West Point discusses changing city charter
WEST POINT — The West Point City Council is discussing ways to handle future vacancies caused by the departure of a current term mayor or council member.
However, any change to the city charter and how the city goes about filling elected officials’ seats would have to be changed by the Georgia Legislature.
Under the current charter, if there is a vacancy in the mayor’s office, the mayor pro-tem would serve as mayor until the next election or until a special election is called. Tramell has been vocal about changing the way this process is handled.
Tramell believes an appointed council member or mayor has an advantage in a general election. That scenario has taken place twice
Tramell replaced Drew Ferguson when he was elected to the U.S. House of Representatives.
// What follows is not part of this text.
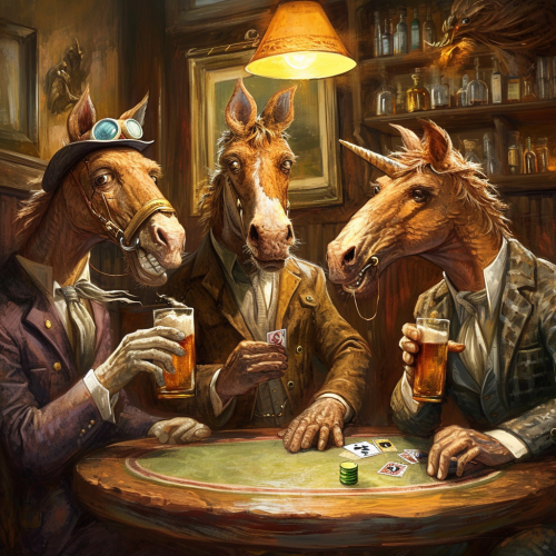 anthropomorphic horse participating in a funny discussion in a local pub, drinking beer, playing cards --v 6.0

A year and a half later, Tramell was elected as mayor of West Point.
In April, Deedee Williams was appointed to the West Point City Council by her peers after Benjamin Wilcox stepped down in January to accept the position of West Point municipal court judge pro-tem.
Although Tramell said he does support changing the charter to say there should be special-called elections, he thinks the discussion should wait.
“I think it is something the new council in January should address,” he said.
Councilman Henry Hutchinson said he feels this seated council should come up with a recommendation because it’s hard to predict what a new council will do.
“There is a potential there is an entirely different council in January, and it may not be an issue to them,” he said. “If we see that there is a need and I think we agree there is a need, then I think we should get the ball rolling.”
Williams, who asked for the discussion to be placed on Thursday’s work session agenda, said changing the city charter will not be a quick fix and the conversations should be happening now.
“We already have a precedent on how we fill council seats in the past,” she said. “It could be done more effectively and efficiently and appropriately if we change it.”
She said that although the situation is rare where there is a vacancy, especially at the mayoral level, it does happen.
“We all know we don’t have a vacancy in the mayoral seat very often, but last time when we did, we followed the charter,” Williams said. “Many people would be OK with that, and just like you (Tramell) recognized the way this seat was filled (Williams’ seat) was not the best way in your opinion, the way we filled that vacancy (the mayor’s seat) was not the best way in my opinion.”
She said the council needs to have a discussion as a group about the process before a new council is seated.
Councilman Gerald Ledbetter said it’s fine to start the process, but it’s best to wait to after the election.
“I think we all agree that something needs to be done in regards to the way we feel an absence mayoral seat and how we seat vacant council seats,” he said. “I am personally in favor of all seats being seated by the electorate. People should choose who their representatives are.”
Tramell said it seems the council is in favor of a special-called election for all vacancies, but the council was missing two members Thursday — Councilman Joseph Downs and Councilwoman Sandra Thornton.
He said the council would continue its discussion at the next work session, and it will need to discuss if it wants to start the process to amend the charter now or wait until the next election.
Hutchinson said he would like to dive into the entire charter to see if other issues can be amended.